• EXERCISE AIM:
Only the lines below between the ones containing "Celebrate your love" and "the flow rate.", inclusive, are to be reproduced, each exactly as it stands.

• PROVIDED RECORDS:
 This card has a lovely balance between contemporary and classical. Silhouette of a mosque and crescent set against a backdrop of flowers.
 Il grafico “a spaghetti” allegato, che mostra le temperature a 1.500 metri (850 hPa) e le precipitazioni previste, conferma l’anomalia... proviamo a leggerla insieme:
...
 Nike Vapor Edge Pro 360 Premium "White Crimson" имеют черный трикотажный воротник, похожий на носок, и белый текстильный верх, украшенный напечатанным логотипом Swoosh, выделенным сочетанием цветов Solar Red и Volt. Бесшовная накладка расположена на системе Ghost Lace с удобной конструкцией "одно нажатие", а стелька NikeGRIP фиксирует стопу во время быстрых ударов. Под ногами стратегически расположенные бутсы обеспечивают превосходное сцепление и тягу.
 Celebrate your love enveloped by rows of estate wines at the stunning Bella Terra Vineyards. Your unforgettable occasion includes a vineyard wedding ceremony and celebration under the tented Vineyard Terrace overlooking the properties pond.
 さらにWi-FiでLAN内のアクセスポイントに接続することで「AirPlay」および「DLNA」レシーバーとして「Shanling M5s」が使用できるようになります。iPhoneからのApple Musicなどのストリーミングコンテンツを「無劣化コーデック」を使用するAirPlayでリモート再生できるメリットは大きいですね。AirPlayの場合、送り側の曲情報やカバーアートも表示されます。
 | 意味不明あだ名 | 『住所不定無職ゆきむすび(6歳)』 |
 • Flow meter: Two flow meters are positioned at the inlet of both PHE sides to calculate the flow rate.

• SOLVED PROBLEM:
 Celebrate your love enveloped by rows of estate wines at the stunning Bella Terra Vineyards. Your unforgettable occasion includes a vineyard wedding ceremony and celebration under the tented Vineyard Terrace overlooking the properties pond.
 さらにWi-FiでLAN内のアクセスポイントに接続することで「AirPlay」および「DLNA」レシーバーとして「Shanling M5s」が使用できるようになります。iPhoneからのApple Musicなどのストリーミングコンテンツを「無劣化コーデック」を使用するAirPlayでリモート再生できるメリットは大きいですね。AirPlayの場合、送り側の曲情報やカバーアートも表示されます。
 | 意味不明あだ名 | 『住所不定無職ゆきむすび(6歳)』 |
 • Flow meter: Two flow meters are positioned at the inlet of both PHE sides to calculate the flow rate.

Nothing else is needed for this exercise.